I bit back a wave of irritation. 'I really wish you wouldn't do that. It cocks up my internal narrative something fierce.' Not to mention the sensation of two cups of tea making their presence known in my bladder.


'Impressed you managed to finish all those eggs so quickly, too', he observed, arching His terrible Eyebrow. 'You've really got a feel for this kind of thing.'


'Oh for the love of— you're just messing with me now, aren't you?'


'Wouldn't dream of it.' He clapped his hands together. 'Same time next month?'




Beaches are fiddly. God had been speaking about taking a holiday for a while, and had a mind to visit the Seychelles, which, all things being equal, could use a spruce-up. I'd manifested a few extra arms – nothing major, just enough to hold every grain in place while I worked on it. They had a tendency to slip, and nothing ruined a few years of good work more than the whole shebang sliding into the sea. I'm not saying I had anything to do with Heracleion – but I'm not saying I didn't, either.


The strain of paying attention to several billion small crystals of mostly silica dioxide but also a few other bits and bobs had been giving me a headache, so I reached back in time, webbed together a few million stars in a pleasing pattern, dropped nebulae into the gaps between and shunted my mind over there for a while. My body seemed a little surplus to requirements, so with a thought I rendered it into chunks of flesh exactly one centimetre square in size and scattered it across the bottom of the Chesapeake Bay for the crabs.


Nearby – although what does that mean, in cosmic terms? – a galaxy went squish and with the last fragments of its fading light, God blinked a message in genocidal Morse:







And just like that (and before I could ask him why He had collapsed stars for the sake of some fancy punctuation), there was a great, sucking absence at the middle of everything, everywhere and nowhere, all-encompassing and like a great, rushing tide I fell towards it and filled it and I swear I heard something like schloop.




Prestatyn looked nervous.

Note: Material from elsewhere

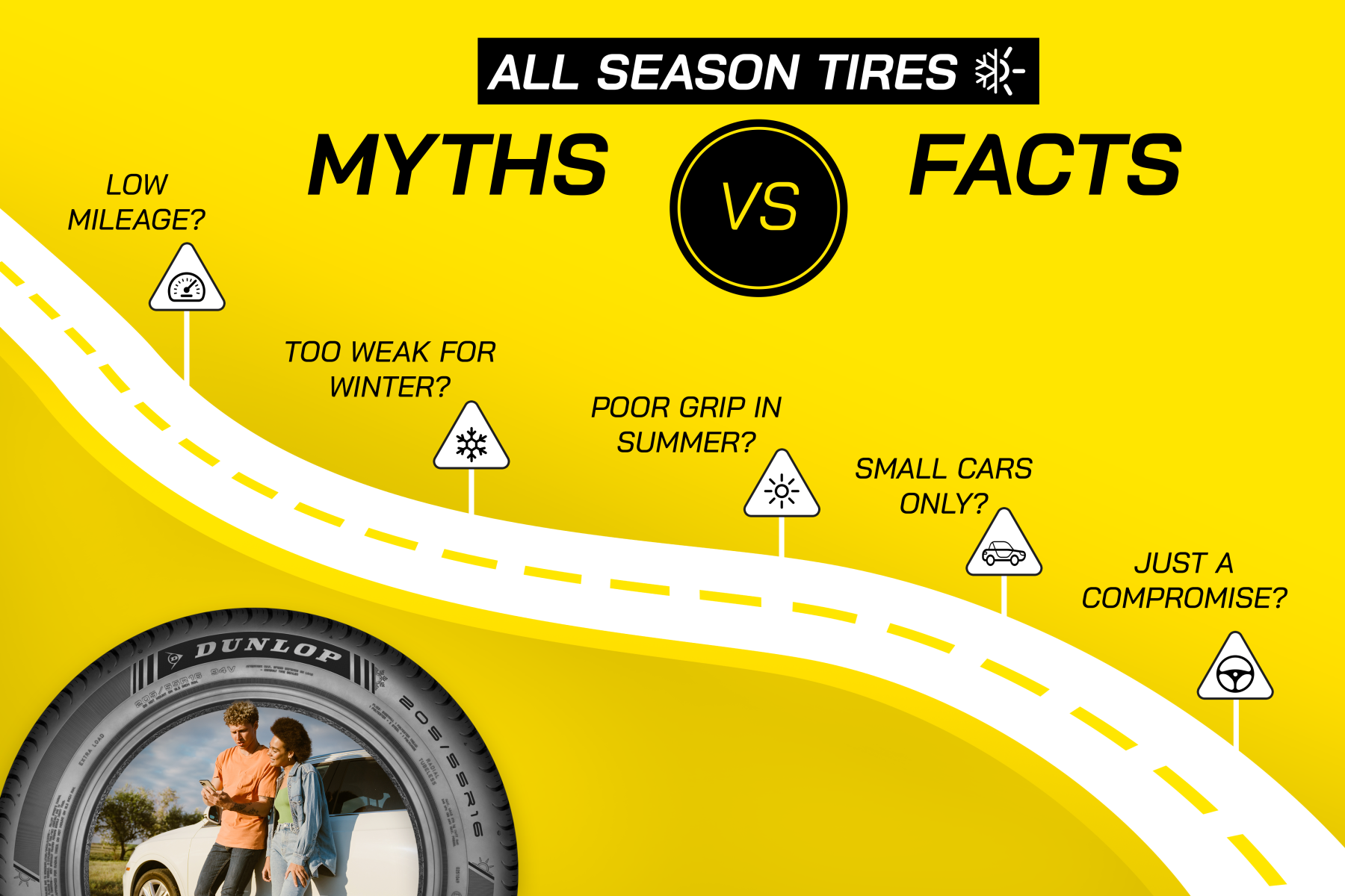In contrast to the previous myth, some drivers actually have the misconception that all-season tires only perform well in winter. With the latest technologies, modern all-season tires represent a huge step forward, delivering great dry performance as well as winter grip. This means drivers won’t be left wanting more on long summer road trips. They can feel confident and prepared, knowing that their tires are developed for use in all weather conditions.

The feathers on his neck were ruffled, and he kept twitching as if fighting the urge to preen. One of his eyes twitched, and he was slowly hopping from foot to foot on the desk, like a lizard on hot sand.


I'd manifested the whole white-clouds glowing-lights thing. It seemed appropriate to the occasion, and I had a certain fondness for it, even if I could barely remember that first conversation with my erstwhile mentor. I wondered where He had left the chairs.


I leaned back and relaxed, folding my Hands across my stomach. 'Been a while, hasn't it?' I said. 'I thought I'd look you up, see how you're doing.'

The poor little booby seemed so worried. I chuckled to myself – boobies! – and a continent groaned and shifted.

'Lapsang?' I smiled like the yawning of stars, and offered the pot.